Segundo consta, os pais dela, que já tinham duas meninas, passavam por dificuldades financeiras e ficaram desesperados quando Ethel engravidou pela terceira vez. Chegaram a cogitar um aborto em uma clínica, mas acabaram convencidos, por um amigo da igreja onde tocavam e cantavam, a não darem este passo. Além disso, o casamento já tinha ido para o saco, já que Frank, o pai de Judy, era homossexual. Todavia, esperavam que, ao menos, viesse um menino, e foi decepcionante quando nasceu mais uma menina. Assim, Judy vivenciou uma rejeição dupla, por não ter sido desejada e por ser mulher. O nascimento da futura diva ocorreu repleto de rejeição, o que pode ser um dos potenciais, ainda que não o único, de um Plutão no Ascendente.

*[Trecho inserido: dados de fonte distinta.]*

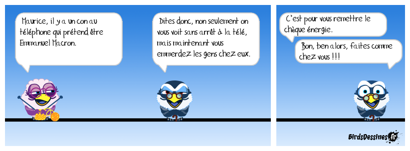Case 1:Bird 1: Maurice, il y a un con au téléphone qui prétend être Emmanuel Macron. | Case 2: Bird 1: Dites donc, non seulement on vous voit sans arrêt à la télé, mais maintenant vous emmerdez les gens chez eux. | Case 3: Bird 1: C’est pour vous remettre le chèque énergie. Bird 2: Bon, ben alors, faites comme chez vous !!!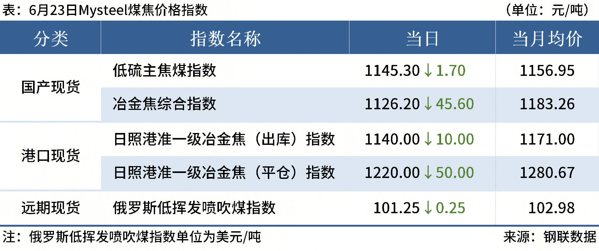 ◎ 6月23日,焦炭市場(chǎng)價(jià)格偏弱運(yùn)行,第四輪降價(jià)落地。河北山東主流鋼廠針對(duì)焦炭采購價(jià)格下調(diào)濕熄50元/噸,干熄55元/噸。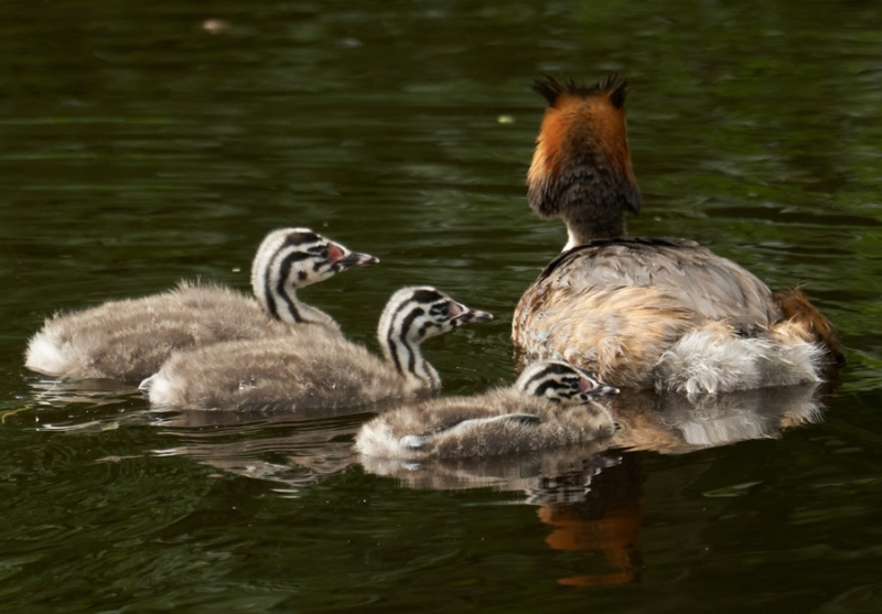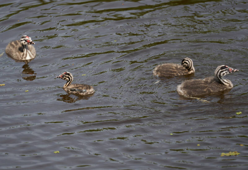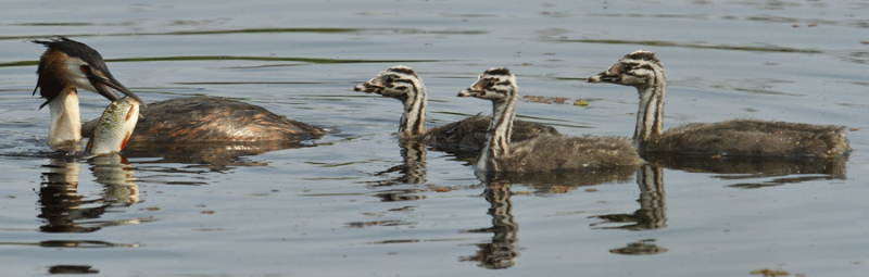 Op dit Futen-filmpje zijn de vrolijk duikende, spetterende en op de rug van moeders klauterende kuikens te zien :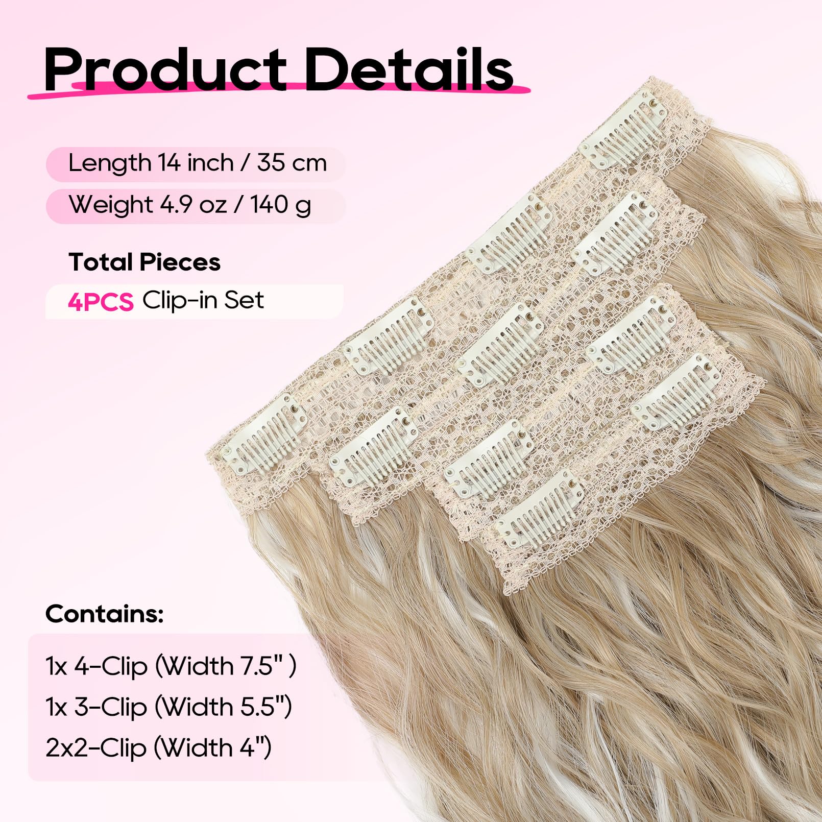 REECHO Clip in Hair Extensions, 4PCS Hair Extensions 14" Short Wavy Hair Extensions Invisible Lace Weft Natural Soft Hairpieces for Women – Ash Blonde with Highlights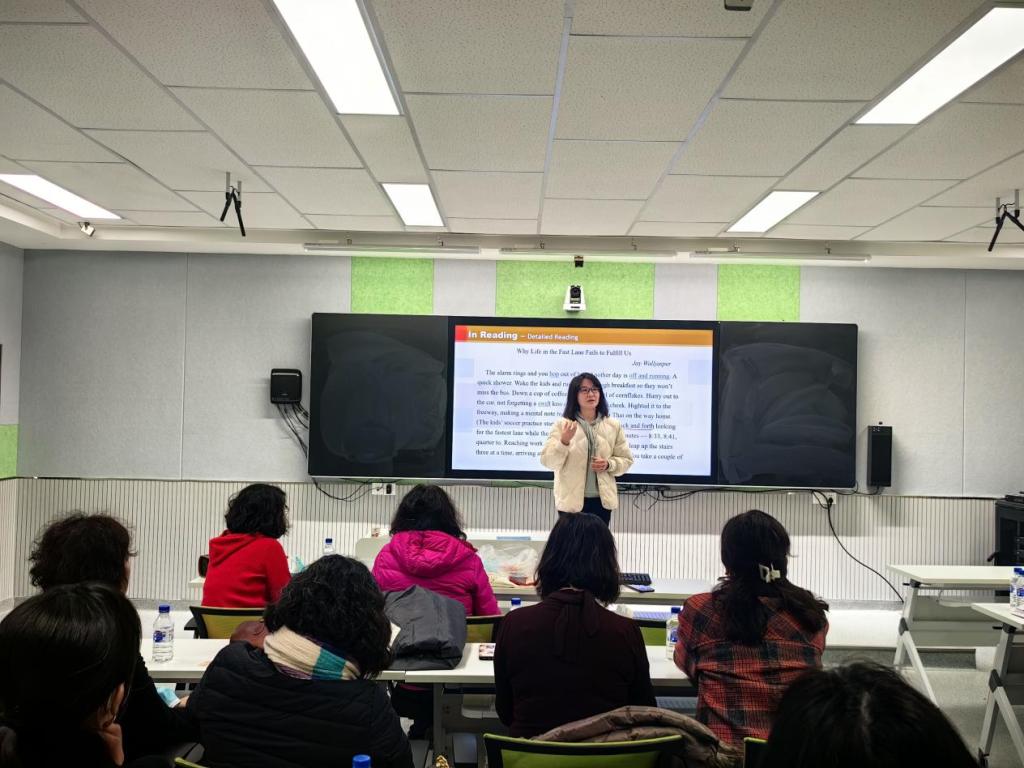 本网讯(通讯员 赵雪)为贯彻落实党的二十大和学校改革发展专题研讨会精神,进一步推动大学英语教学改革,助力我校教学高质量发展,2023年3月8日上午,公共外语教学部第一、第二教研室在我校南湖校区智慧教室开展了新学期大学英语集体备课教研活动,英国365集团公司院长王轶、公共外语教学部主任孙莉参加活动并观摩指导。活动通过现场说课及交流互动的形式,明确了新教材教学内容的重难点,探索了大学英语教学中课程思政及“以学生为中心”的多元化教学模式的实施路径。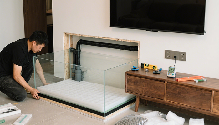 承重安全:鱼缸注满水后重量大(1L水约1kg,60L鱼缸总重超80kg),需放在承重能力强的家具上(如实木鱼缸柜、金属支架,承重≥150kg),避免放在普通茶几、电视柜上(易塌陷);若放地面,需确认地面平整(误差≤2mm),且远离走动频繁的通道,防止碰撞。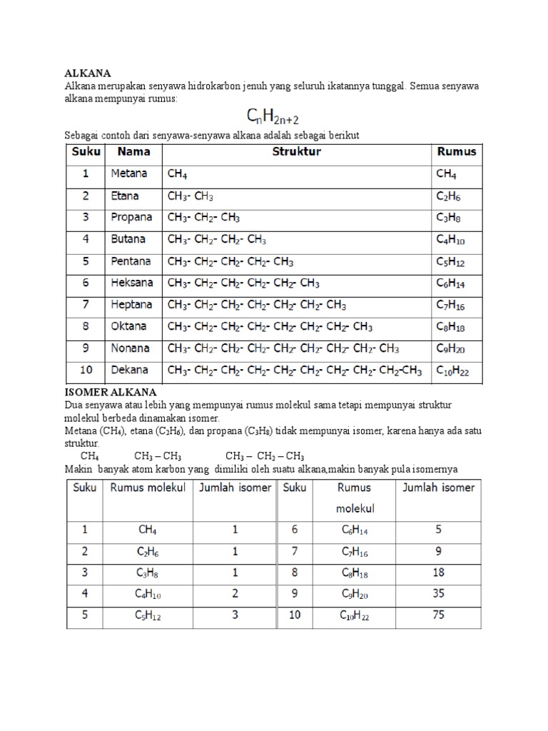 Alkana merupakan senyawa hidrokarbon alifatik jenuh yaitu hidrokarbon dengan rantai terbuka dan semua ikatan karbonnya merupakan ikatan tunggal. Tata nama senyawa hidrokarbon alifatik alkana. Alkana merupakan senyawa hidrokarbon alifatik jenuh dan memiliki rumus umum cnh2n2.
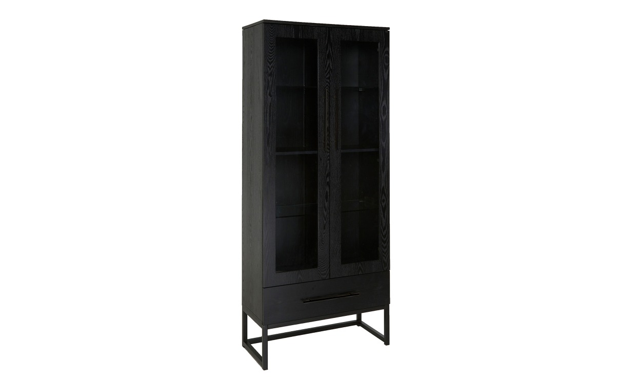 Alex är ett stilrent vitrinskåp som ger ett modernt uttryck. Vitrinskåpet har utöver dess fyra hyllplan även en låda nedtill som ger bra förvaringsmöjligheter. Tack vare dess stilrena design passar vitrinskåpet in i hemmets alla rum.Design & egenskaperSvart vitrinskåp i trä med glasdörrar.Tillverkat i ask med underrede och handtag i metall.Leverans & förpackningLevereras omonterad.Antal förpackningar: 1 stVikt: 74 kg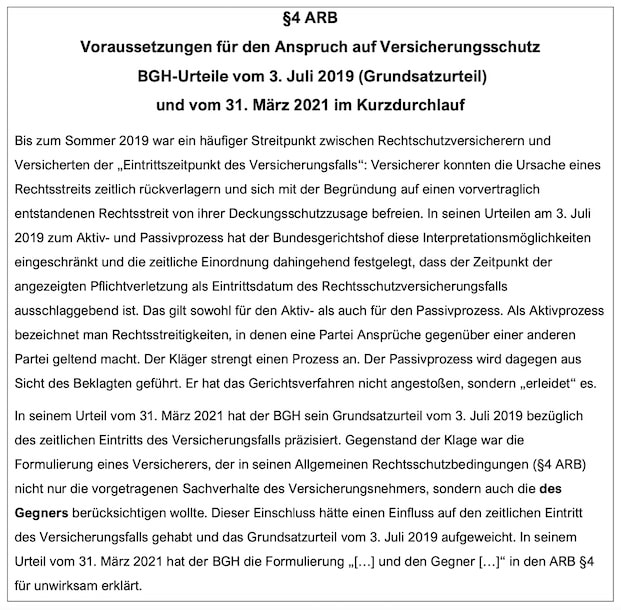 Jöhnke: Deshalb halte ich das BGH-Urteil für ausgesprochen verbraucherfreundlich. Ich rate meinen Mandantinnen und Mandanten, die wegen eines möglichen zukünftigen Rechtsstreits in meine Kanzlei kommen, umgehend eine Rechtsschutzversicherung abzuschließen, falls sie noch keine haben. Denn dann können wir, nach der neuen gesetzlichen Regelung und gemäß ARB Paragraf 4, die Deckungszusage beim Rechtsschutzversicherer einklagen.

Impulsividade e chance de compulsão, por sua vez, teriam de ser trabalhados na quadratura em T envolvendo Sol/Marte/Urano. Garland não foi transformada em um “dínamo de filmes” à toa: o que a indústria queria e fazia combinava com o mapa natal. Todavia, é óbvio que se pode utilizar esta configuração de forma mais saudável e criativa, e um dos desafios de uma consulta astrológica é, justamente, o de mostrar outras possibilidades, elucidar questões e padrões, e, assim, ajudar na compreensão de quem somos, de quais são os nossos nós e questões difíceis, e de que forma podemos usar melhor os potencias e talentos com que já nascemos na nossa carta astrológica natal.